«Да исправится…» И я исправлюсь

«Да исправится…» И я исправлюсь

О молитве в пост рассуждает игумен Нектарий (Морозов).

Пост часто называют временем не только покаяния и воздержания, но и молитвы. И это правда. По крайней мере, это очень естественно и логично.

Что такое для нас пища, которую мы вкушаем? Средство поддержания наших телесных сил. Это, во-первых. А во-вторых, она — утешение. Этим словом в аскетической традиции Православия обычно именуется то угощение, которое может быть предложено на трапезе братии в день того или иного праздника. И наш опыт свидетельствует: утешение и есть! Только вполне это понимается, когда мы его лишаемся — постом, например, ибо приходят в эти дни «редька и хрен и книга Ефрем», а обычные, питательные, вкусные, потому как скоромные, яства оказываются «под запретом».

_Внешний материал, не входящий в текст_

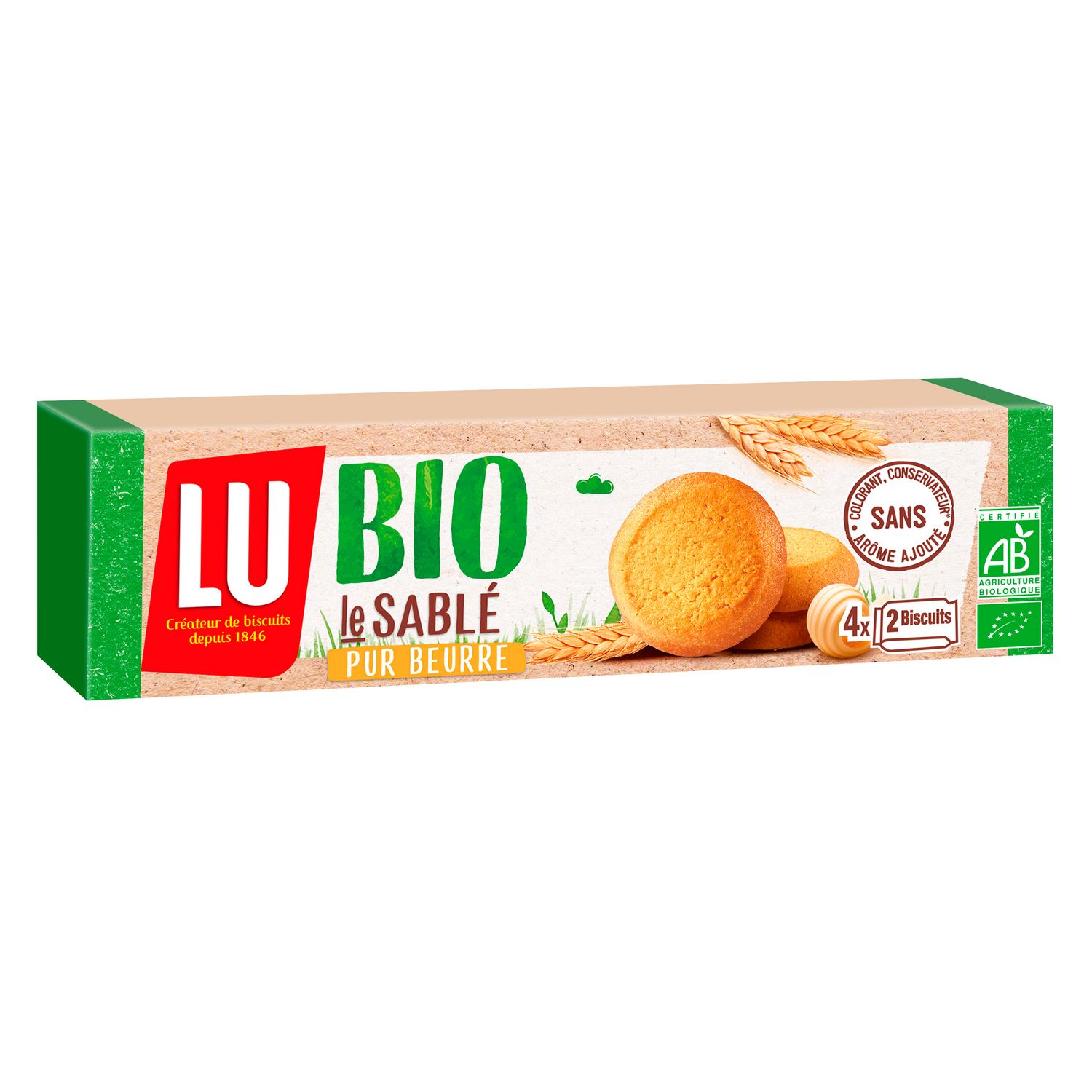 Biscuits sablés au beurre. LU lance LU Bio, tout le savoir faire de LU dans des recettes simples et gourmandes, avec des ingrédients de qualité issus de l’agriculture biologique. Découvrez le biscuit Sablé LU Bio, un sablé gourmand et fondant 100% pur beurre. Contient 4 sachets de 2 biscuits : pratique à emporter ! Le biscuit Sablé LU BIO c'est aussi : - aucun colorant, aucun conservateur ni arôme ajouté - fabriqué avec des œufs de poules élevées en plein air - fabriqué avec du sucre de canne - un pack carton recyclable

И это добровольное лишение вскоре же приносит свой плод — не только в виде слабости или какой-то особенной раздражительности, которая сопровождает у некоторых людей их постный подвиг. Нет, лишившись привычного, телесного утешения, мы начинаем искать утешения иного — духовного. Душа оживает по мере того, как плоть утесняется в своих требованиях и правах, и так же начинает требовать ей по праву же принадлежащего.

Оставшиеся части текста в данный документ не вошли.